According to information from the American Red Cross and the National Fire Prevention Association, fires kill more Americans each year than all natural disasters combined and only 26 percent of households have a home fire escape plan.

This week has been Fire Prevention Week and the Red Cross and NFPA are urging the public to take advantage of the many free resources available to develop a home fire escape plan and take steps toward fire prevention and safety.

Billie Cathey, executive director of the Southeast Oklahoma Chapter of the American Red Cross, offers the following tips on fire safety.

• Keep all sources of fuel (paper, clothing, bedding and carpets or rugs) at least three feet away from all heat sources when cooking, or using alternative heating like a space heater.

• Unless a space heater is designed for use outdoors or in bathrooms, do not use in damp or wet areas. Always check the plug-in to make sure the plug fits snugly into the outlet. When unplugging a space heater, be sure to pull the plug straight out of the socket. Heaters should also be placed on a level and flat surface. Extension cords should not be used unless absolutely necessary. If you must use an extension cord, it must be marked “12-guage” or “14-guage.” Always put the cord on top of rugs or floors. Don’t place anything on top of the cord.

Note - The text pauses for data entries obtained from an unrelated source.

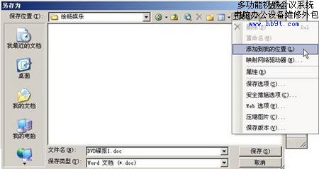 Office軟件的打開/保存對話框比較特殊,它用的不是標(biāo)準(zhǔn)Windows打開/保存對話框,以O(shè)ffice XP為例,在打開/保存對話框中選定一文件夾,然后單擊對話框“工具→添加到’我的位置’”命令,(如圖2)所示,就可以在文件對話框的“查找位置”下找到新文件夾,單擊即可快速訪問它。右擊可以看到刪除、小圖標(biāo)、重命名等命令,可以對新文件夾進(jìn)行管理。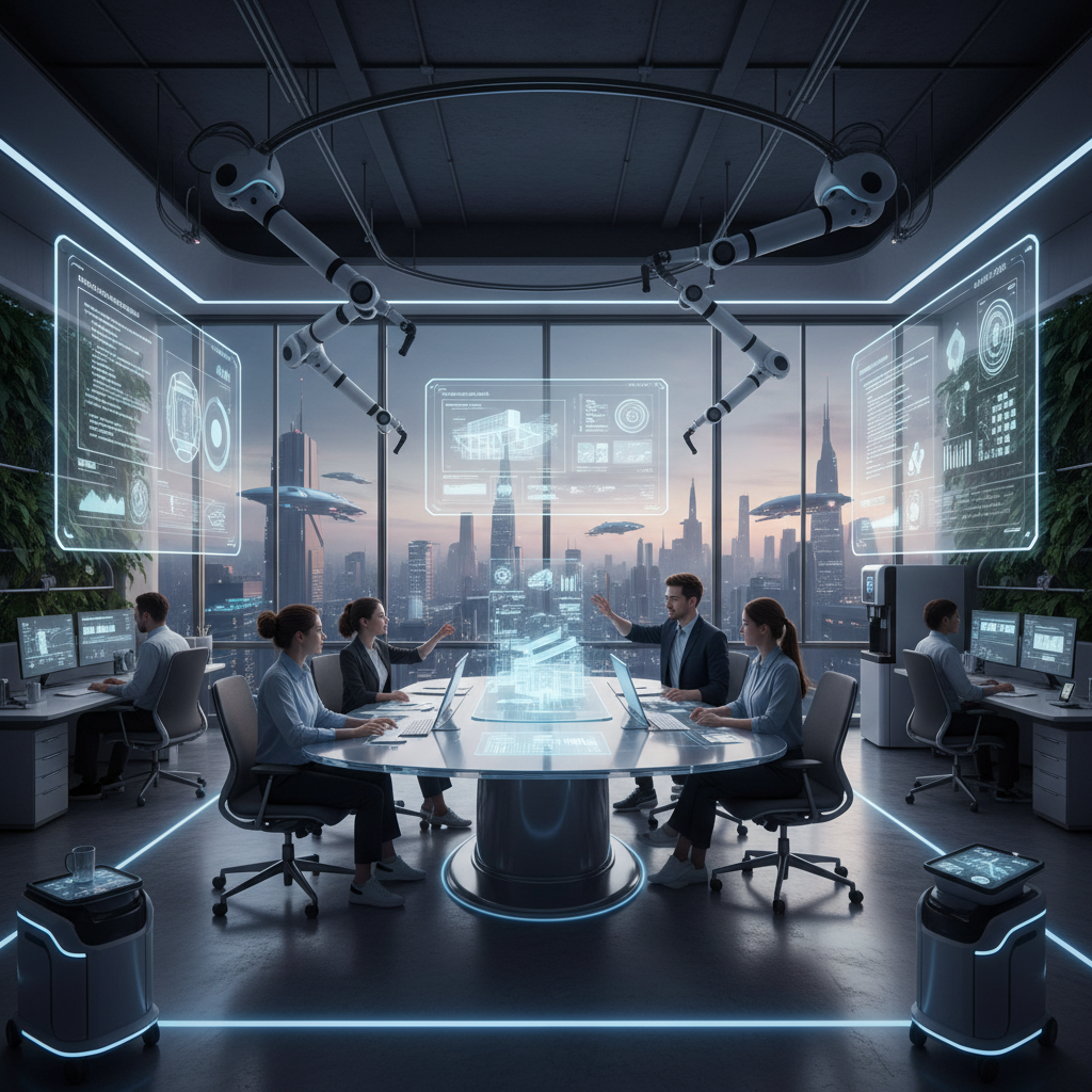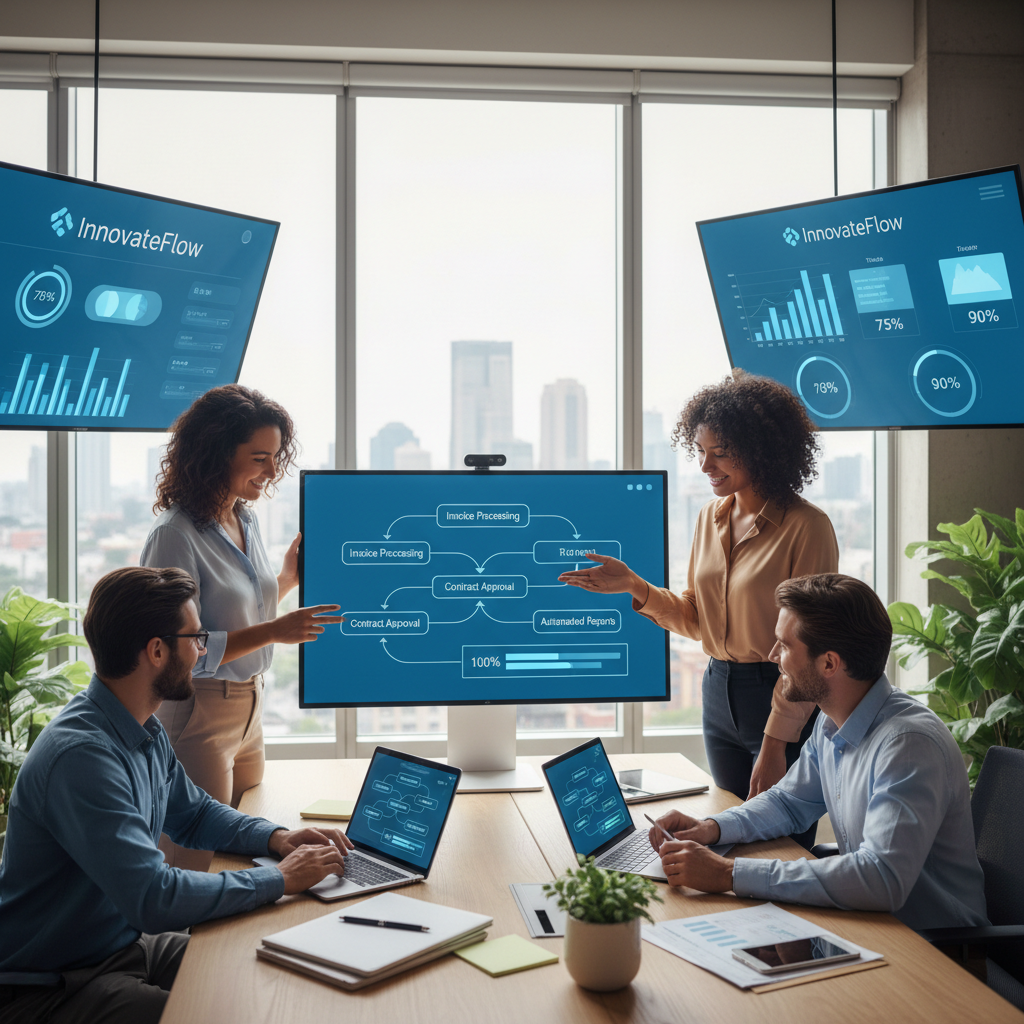 Photo: Team collaborating with digital documents and screens displaying data flows and AI icons, representing the new era of business automation.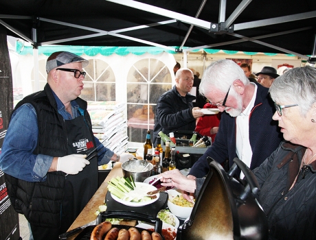 Den fra TV2 kendte madekspert Claus Holm serverede lækkerier i et telt foran butikken.
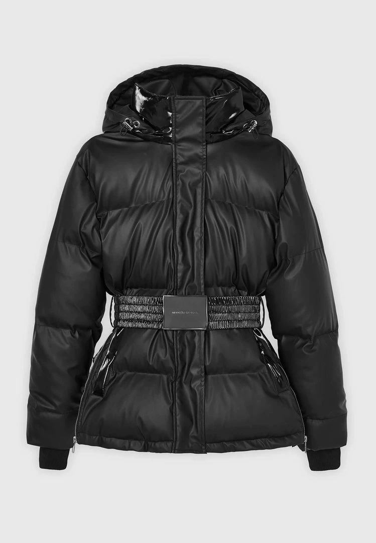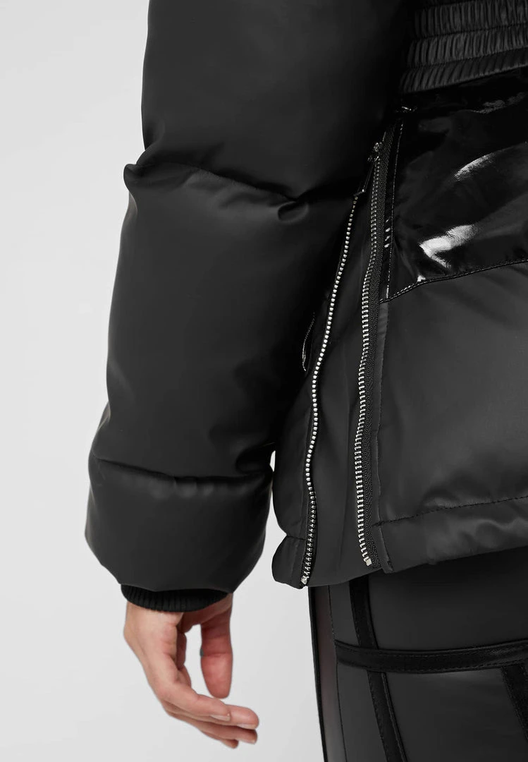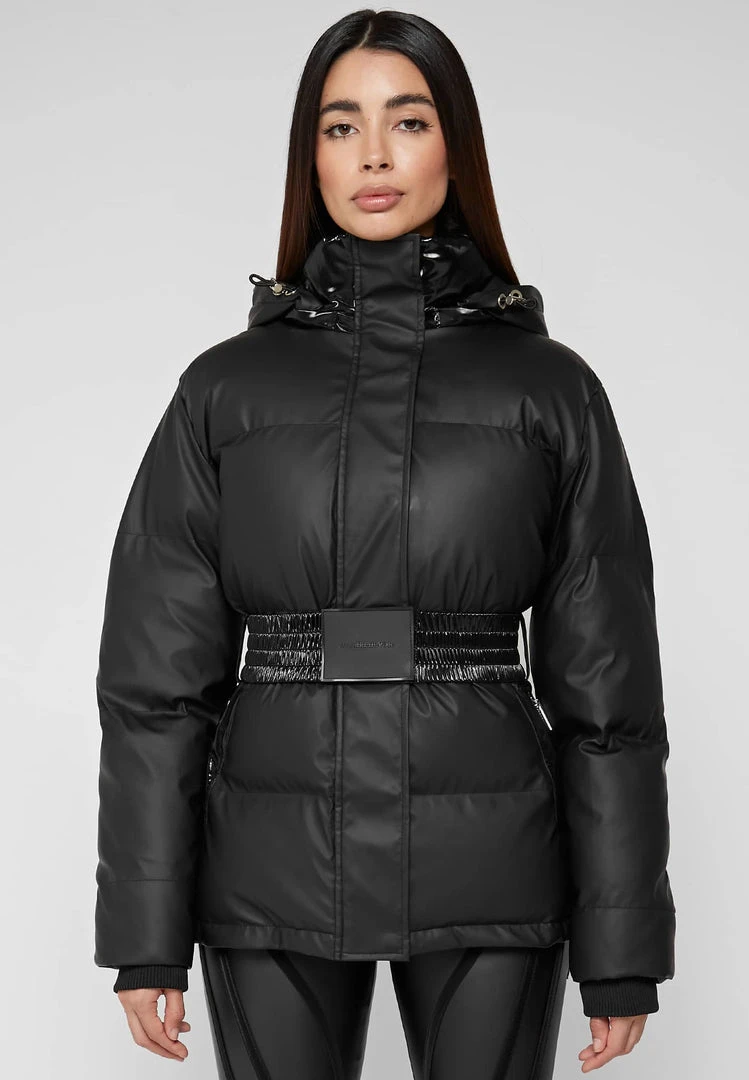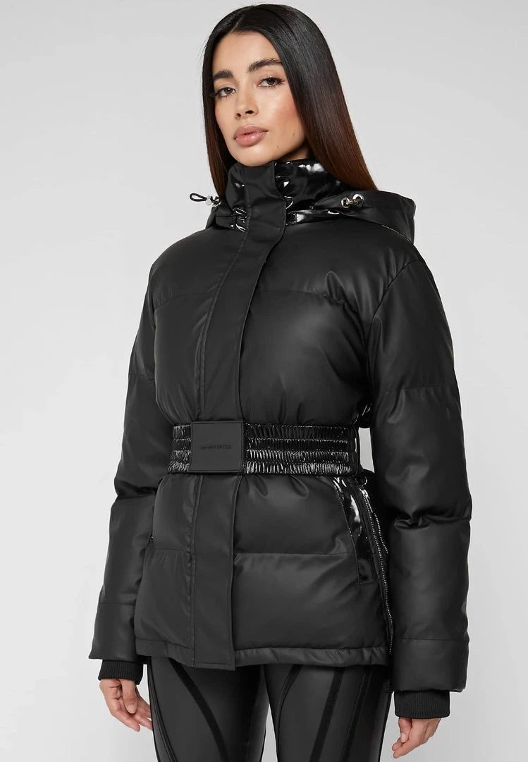 Black Matte & High Shine Belted Puffer Jacket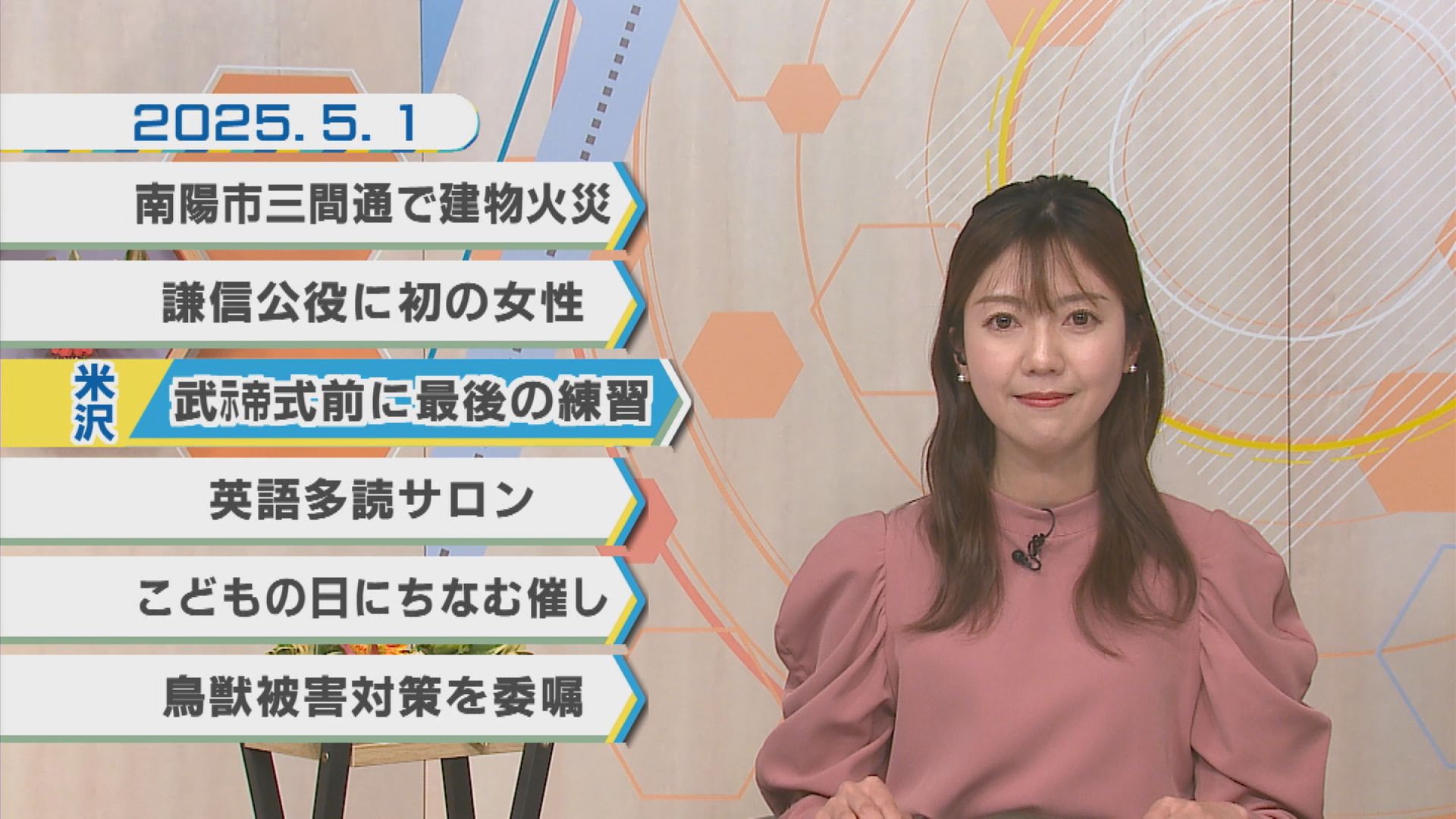 5月1日のNEWSラインナップ①「南陽市三間通で建物火災」②「謙信公役に初の女性」③「武禘式前に最後の練習」④「英語多読サロン」ほか【特集】小学生がヘアドネーション

• Provide constant adult supervision during cooking or in rooms with lit candles or fires. Do not leave burning candles unattended.

• Keep matches and lighters away and out of reach of children.

• Smoke alarms can help save lives. Install a smoke alarm outside each sleeping area and on each additional level of your home. Test smoke alarms once a month, and replace batteries when necessary — replacing all batteries at least once a year.

• Consider having one or more working fire extinguishers in your home.

• Determine at least two ways to escape from every room of your home. Consider escape ladders for sleeping areas on the second or third floors.

• Select a location outside your home where everyone would meet after evacuating.

• Practice your plan, especially with children, older adults, people with disabilities and pets, at least twice a year and revise as necessary.

• A fire escape plan needs to include at least two escape routes for every room in the home and a convenient meeting place at a safe distance.

• Once you are out, stay out. Call the fire department from a neighbor’s home.

• If you see smoke or fire in your first escape route, use your second way out. If you must exit through smoke, crawl low under the smoke to your exit. If you are escaping through a closed door, feel the door before opening it. If the door is warm, use your second way out.

• If smoke, heat, or flames block your exit routes, stay in the room with the door closed. Signal for help using a brightly colored cloth at the window. If there is a telephone in the room, call the fire department and tell them where you are.